«Elevar esta linhagem ao estatuto de espécie distinta permitir-nos-á travar a repopulação inadequada», melhorando «a conservação e a gestão de um património com dois milhões de anos» que se encontra em declínio, explica o BIOPOLIS/CIBIO — Centro de Investigação em Biodiversidade e Recursos Genéticos/Laboratório Associado ao InBIO, que participou no estudo, num comunicado.
Reconhecer a diversidade
Os cientistas defendem que reconhecer esta diversidade «não significa descobrir um animal novo e desconhecido, mas sim classificar corretamente uma linhagem já identificada, atribuindo-lhe o estatuto adequado para travar a sua extinção por substituição».
«Já não é possível gerir as populações de coelhos na Península Ibérica como se constituíssem uma única entidade biológica. Reconhecer estas duas espécies é fundamental para desenvolver medidas de conservação adequadas e impedir que uma única linhagem evolutiva continue o seu declínio», salienta Nuno Ferrand, diretor e investigador do CIBIO e um dos autores do estudo.
Duas espécies diferentes
O estudo, publicado na revista científica Biological Conservation, «revela que a Península Ibérica alberga duas espécies de coelho, e não apenas uma, como se pensava anteriormente», demonstrando a existência de «duas linhagens profundamente diferenciadas, que divergiram há cerca de dois milhões de anos e permanecem isoladas do ponto de vista reprodutivo».
O BIOPOLIS/CIBIO esclarece que, atualmente, o coelho na Península Ibérica é classificado em duas subespécies da mesma espécie: o coelho-comum-europeu e o coelho-ibérico.

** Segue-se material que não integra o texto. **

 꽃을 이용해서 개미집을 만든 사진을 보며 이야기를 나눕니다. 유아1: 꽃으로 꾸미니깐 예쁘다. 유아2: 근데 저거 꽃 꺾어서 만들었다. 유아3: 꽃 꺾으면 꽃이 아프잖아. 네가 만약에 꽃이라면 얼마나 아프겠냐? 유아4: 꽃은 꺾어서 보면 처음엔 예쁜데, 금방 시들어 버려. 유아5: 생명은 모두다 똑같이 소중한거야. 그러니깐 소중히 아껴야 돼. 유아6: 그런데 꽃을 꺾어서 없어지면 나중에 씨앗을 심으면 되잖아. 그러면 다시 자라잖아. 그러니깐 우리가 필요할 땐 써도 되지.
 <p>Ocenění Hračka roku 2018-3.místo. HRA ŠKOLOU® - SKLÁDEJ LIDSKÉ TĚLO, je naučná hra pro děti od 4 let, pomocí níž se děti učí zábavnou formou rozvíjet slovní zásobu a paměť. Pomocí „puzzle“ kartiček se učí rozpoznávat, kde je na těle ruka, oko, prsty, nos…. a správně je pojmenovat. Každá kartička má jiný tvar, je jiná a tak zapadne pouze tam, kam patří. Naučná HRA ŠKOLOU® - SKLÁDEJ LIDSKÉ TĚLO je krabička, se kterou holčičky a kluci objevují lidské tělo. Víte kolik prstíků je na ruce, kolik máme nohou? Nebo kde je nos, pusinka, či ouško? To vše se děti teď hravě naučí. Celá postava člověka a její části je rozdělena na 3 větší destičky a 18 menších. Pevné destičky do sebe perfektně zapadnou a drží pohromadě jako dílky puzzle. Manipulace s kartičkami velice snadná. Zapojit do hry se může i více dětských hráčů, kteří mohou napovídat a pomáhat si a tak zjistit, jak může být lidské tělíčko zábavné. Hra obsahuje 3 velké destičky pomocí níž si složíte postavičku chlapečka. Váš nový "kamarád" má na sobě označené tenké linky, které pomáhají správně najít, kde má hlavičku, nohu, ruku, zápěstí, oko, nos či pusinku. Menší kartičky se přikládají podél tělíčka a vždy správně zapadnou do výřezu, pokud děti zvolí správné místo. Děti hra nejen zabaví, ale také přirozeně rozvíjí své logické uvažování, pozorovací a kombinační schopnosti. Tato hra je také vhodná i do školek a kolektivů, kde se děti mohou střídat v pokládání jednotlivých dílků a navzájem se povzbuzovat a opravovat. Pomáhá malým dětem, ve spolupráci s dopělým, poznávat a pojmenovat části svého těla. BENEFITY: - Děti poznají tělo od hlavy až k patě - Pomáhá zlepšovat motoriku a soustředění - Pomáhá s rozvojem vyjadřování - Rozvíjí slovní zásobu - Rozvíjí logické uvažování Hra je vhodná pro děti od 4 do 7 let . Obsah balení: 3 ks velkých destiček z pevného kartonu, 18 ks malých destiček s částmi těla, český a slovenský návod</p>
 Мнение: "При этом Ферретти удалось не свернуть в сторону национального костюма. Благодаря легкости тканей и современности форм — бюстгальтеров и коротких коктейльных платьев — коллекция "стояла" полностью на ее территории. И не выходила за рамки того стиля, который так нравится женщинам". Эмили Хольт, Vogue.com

«Enquanto o coelho-comum-europeu, no norte e leste da península, se mantém estável ou em expansão, o coelho ibérico, restrito a Portugal e ao sudoeste de Espanha, encontra-se em declínio acentuado», observa.

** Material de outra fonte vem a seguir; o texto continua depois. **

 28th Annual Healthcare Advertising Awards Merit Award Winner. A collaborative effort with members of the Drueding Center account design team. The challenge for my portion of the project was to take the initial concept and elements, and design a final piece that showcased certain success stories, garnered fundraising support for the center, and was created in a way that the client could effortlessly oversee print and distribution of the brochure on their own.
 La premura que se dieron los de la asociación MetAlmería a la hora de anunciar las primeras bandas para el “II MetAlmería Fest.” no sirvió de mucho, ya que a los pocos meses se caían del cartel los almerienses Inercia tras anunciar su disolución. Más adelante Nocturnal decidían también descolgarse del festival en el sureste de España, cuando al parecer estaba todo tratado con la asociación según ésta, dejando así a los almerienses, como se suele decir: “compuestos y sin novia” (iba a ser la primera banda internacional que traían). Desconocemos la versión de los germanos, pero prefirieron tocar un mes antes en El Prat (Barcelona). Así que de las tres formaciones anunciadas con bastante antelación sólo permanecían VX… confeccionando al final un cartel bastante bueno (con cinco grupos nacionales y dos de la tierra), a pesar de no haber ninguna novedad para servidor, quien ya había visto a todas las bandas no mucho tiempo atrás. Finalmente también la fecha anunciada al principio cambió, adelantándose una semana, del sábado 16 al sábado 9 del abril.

Assim, colocar as duas linhagens numa única espécie significa «camuflar o declínio catastrófico de uma antiga linhagem evolutiva».
Daí a proposta de o elevar ao estatuto de espécie distinta, resume ele.
Análise de dados
No estudo, foram analisados dados genómicos, morfológicos, reprodutivos e ecológicos recolhidos ao longo das últimas décadas em toda a Península Ibérica.
«Os investigadores desenvolveram um quadro evolutivo e de conservação para avaliar de que forma os atuais quadros de gestão da biodiversidade, os regulamentos de caça e os programas de translocação afetam estas entidades biológicas distintas», descreve ele.
Os cientistas concluirão que as duas linhagens permaneceram «reprodutivamente isoladas ao longo da sua história evolutiva» e que o coelho ibérico «cumpriria os critérios para ser considerado “em perigo de extinção” devido ao seu declínio contínuo».
Diferenças biológicas
Por outro lado, os investigadores observaram que o coelho ibérico «apresenta profundas diferenças biológicas: para além da genética, é um animal mais pequeno, mais escuro e menos social, com densidades populacionais mais baixas, desenvolvimento sexual mais precoce e ninhadas mais pequenas do que o coelho comum».
«Enquanto espécie-chave que sustenta muitos predadores no ecossistema mediterrânico, incluindo o lince ibérico e a águia imperial ibérica, o colapso do coelho ibérico ameaça a biodiversidade regional», alertam.
Revisão urgente
Segundo os investigadores, «estes resultados exigem uma revisão urgente das decisões relativas à gestão da vida selvagem na Península Ibérica e, em particular, em Portugal».
«O estudo justifica a necessidade de mudanças, tais como o ajustamento dos períodos e quotas de caça, reconhecendo que a dinâmica demográfica mais lenta do coelho ibérico o torna vulnerável à sobreexploração», afirmam.
Os cientistas esperam que estas conclusões «sensibilizem as comunidades cinegéticas, os gestores ambientais e os decisores políticos para a urgência de conceber planos de recuperação específicos para o coelho ibérico».